Sumo wrestling used as teaching tool at Grayslake Central

 
 
  • Grayslake Central High School students AJ Corpuz and Sam Salman experience Newton's Law of Motion while sumo wrestling in special suits during their physics class.

    Grayslake Central High School students AJ Corpuz and Sam Salman experience Newton's Law of Motion while sumo wrestling in special suits during their physics class. Courtesy Grayslake Central High School

  • Grayslake Central High School teacher Katie Titus, left, with student AJ Corpuz during her Newton's Laws of Motion experiment using sumo suits.

    Grayslake Central High School teacher Katie Titus, left, with student AJ Corpuz during her Newton's Laws of Motion experiment using sumo suits. Courtesy Grayslake Central High School

  • Grayslake Central High School students Isabel Casillo and Evan Escobar wear the sumo suits used for a physical science class.
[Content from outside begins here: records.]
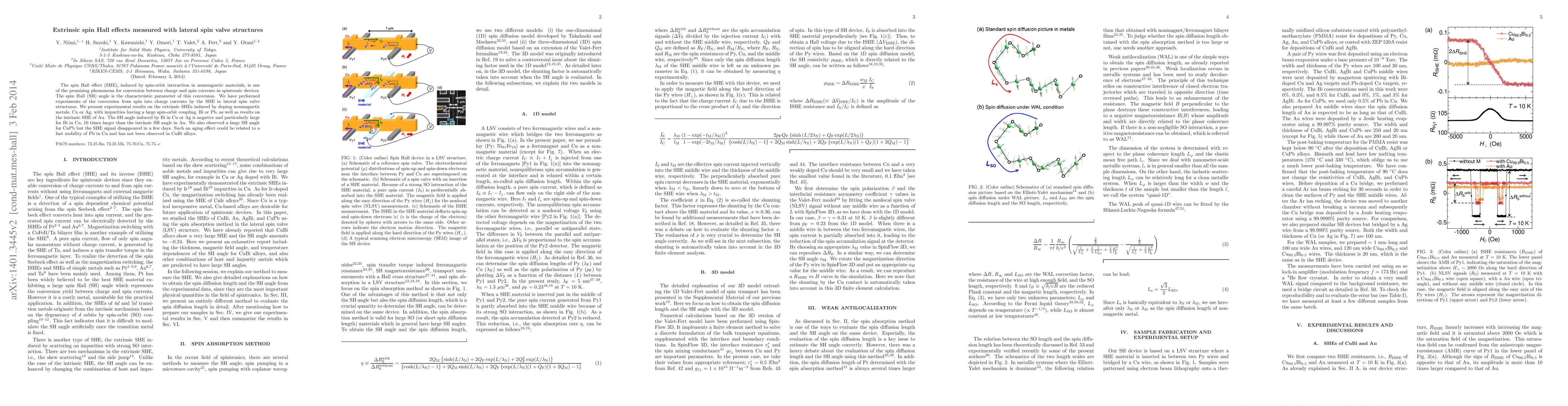 This paper investigates extrinsic spin Hall effects in lateral spin valve structures, demonstrating significant SHE induced by doping Cu or Ag with Bi or Pb. Notably, the SH angle for Bi in Cu is 10 times larger than that of intrinsic Au, while CuPb shows a large SH angle but exhibits an aging effect likely due to Pb mobility.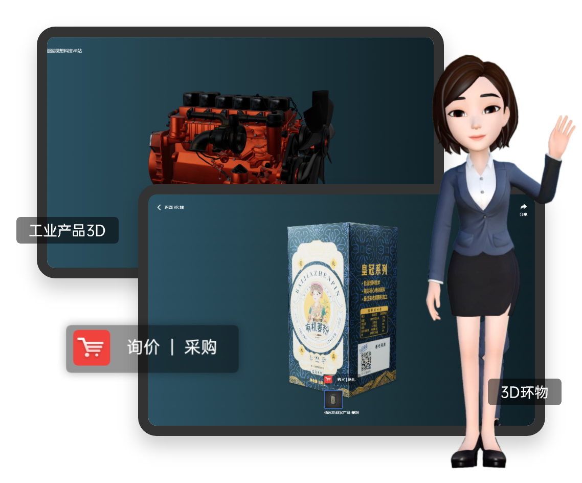 全方位全場景展示實力借助VR/3D技術(shù)把企業(yè)公司搬到云端,透明化展示公司產(chǎn)品、企業(yè)內(nèi)部的環(huán)境/設(shè)備/研發(fā)等;更有AI虛擬人接待,帶客戶身臨其境的深度體驗公司實力。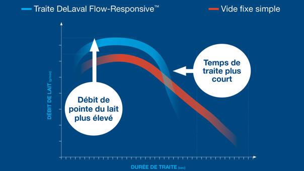 Un système de traite qui ne répond pas au débit de lait des vaches manque la possibilité d'avoir une traite plus rapide et de vous aider à protéger l'état des trayons et le bien-être des animaux. Grâce à la traite DeLaval Flow-Responsive™, votre système de traite peut, pour la première fois, ajuster automatiquement les paramètres clés pour mieux suivre et favoriser le débit de lait de vos vaches.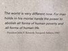 Black letters against a gray grainy background: "The world is very different now. For man holds in his mortal hands the power to abolish all forms of human poverty and all forms of human life. - President John F. Kennedy, Inaugural Address, 1961"
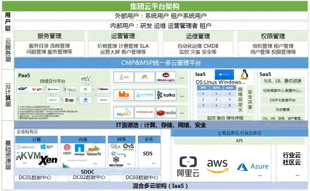简单来说,IaaS层是以资源为核心的;而PaaS层则是以应用为核心。那SaaS呢?个人感觉SaaS是以用户为核心的。IaaS纳管多个平台的资源,这个现在来讲不难,大多厂商是可以实现的,并且基于资源池建立的服务目录如虚拟机创建、变更、常用服务器创建等。
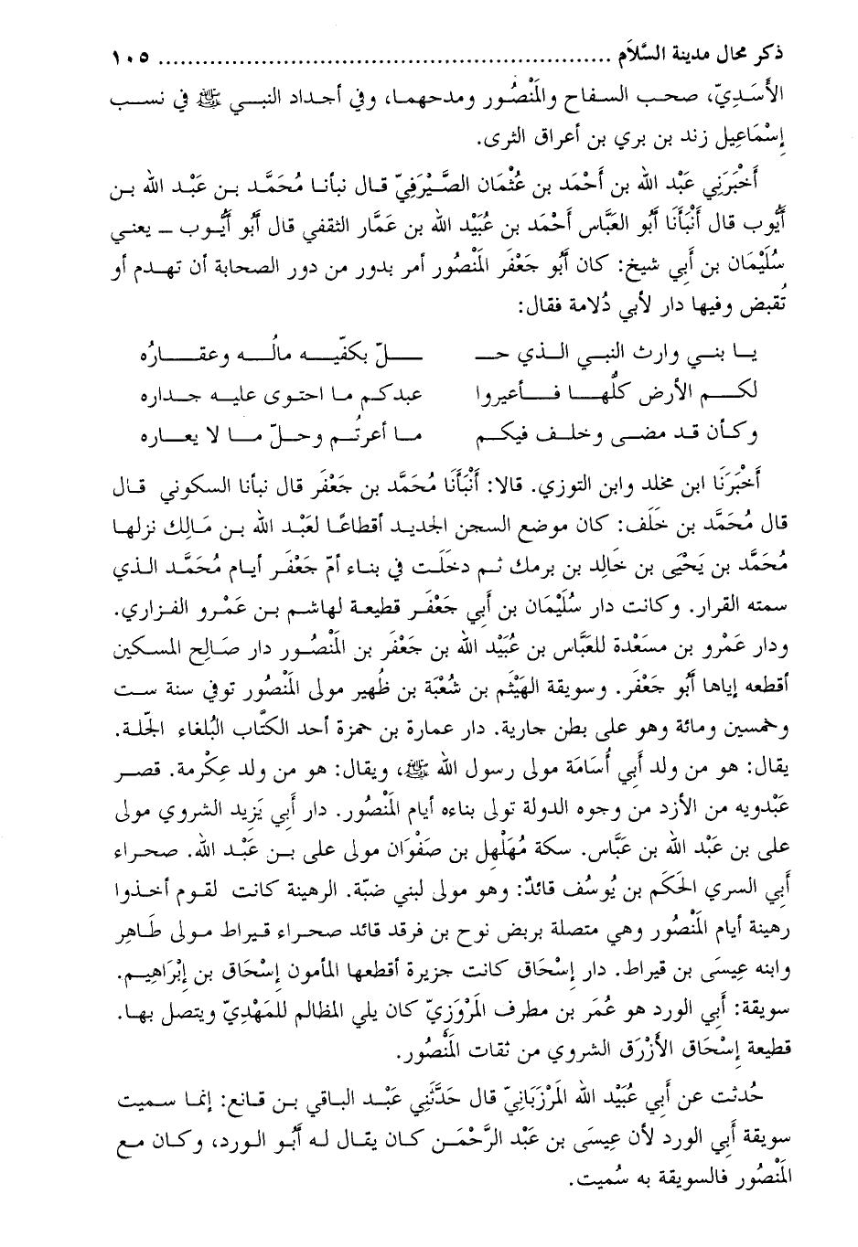 يقال: هو من ولد أبي أسامة مَوْلَى رَسُولِ اللَّهِ صَلَّى اللَّهُ عَلَيْهِ وَسَلَّمَ، ويقال: هو من ولد عكرمة. قصر عبدويه من الأزد من وجوه الدولة تولى بناءه أيام المنصور. دار أَبِي يزيد الشروي مولى عَلِيّ بْن عَبْدِ اللَّهِ بْن عباس. سكة مهلهل بْن صفوان مولى عَلِيّ بْن عَبْدِ اللَّهِ. صحراء أَبِي السري الحكم بْن يوسف قائد: وهو مولى لبني ضبة. الرهينة كانت لقوم أخذوا رهينة أيام المنصور وهي متصلة بربض نوح بْن فرقد قائد صحراء قيراط مولى طاهر وابنه عِيسَى بْن قيراط. دار إسحاق كانت جزيرة أقطعها المأمون إسحاق بْن إِبْرَاهِيمَ.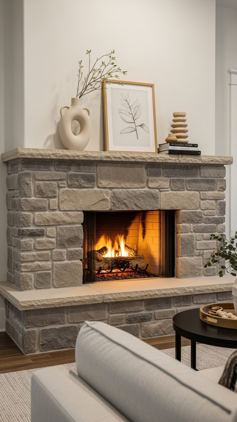 When you center a room around a stone fireplace, the space instantly feels grounded and intentional; choose stones with subtle variation in tone to keep the neutral palette cohesive while adding tactile interest.

    Grayslake Central High School students Isabel Casillo and Evan Escobar wear the sumo suits used for a physical science class. Courtesy Grayslake Central High School

Published: 1/14/2009 12:02 AM

Some Grayslake Central High School students probably never thought they'd have a class that paired sumo wrestling with Newton's Laws of Motion.

But that was the case for physical science classes taught by Katie Titus and Shari Engberg.

For the third consecutive year, Engberg and Titus used their creative juices to thematically teach Newton's three laws of motion to the pupils. They linked each law to sumo wrestling, such as how for every action there is an equal and opposite reaction.

Titus said she's always thinking of how to put a new twist on her physical science class. When it came to memorization of the periodic table of elements, students in the fourth-year teacher's class wrote jokes and performed a comedy routine.

"For the laws of motion," Titus said, "the best thing I could think of was sumo wrestling."

Students in the December unit earned a chance to sumo wrestle in a monthlong classroom challenge between Team Blue and Team Red. During the chapter, the student teams sat under respective red and blue sumo belts, also known as mawashi, that hung from a classroom ceiling.

Wrestlers were selected based on homework scores, classroom participation and other positive actions. The students grappled on a mat in rented foam-filled sumo suits in Grayslake Central.

Titus' use of sumo with Newton's Laws of Motion was a hit with her students, who clearly learned something judging by their comments.

"I was excited the whole chapter we learned about sumo," said junior Patrick Fontanetta, "because I really wanted to wrestle. I think I won that day because I let the 'tiger out of the cage' and used my mass to create a force that accelerated my opponent."

Said sophomore Jermaine Jackson: "I think that I won in the sumo tournament because I have more inertia. I like using themes in science because it makes things easier to understand."

Titus said her classroom innovations don't come from attending education conferences or other events for teachers.

"It's literally just my sick mind," she joked.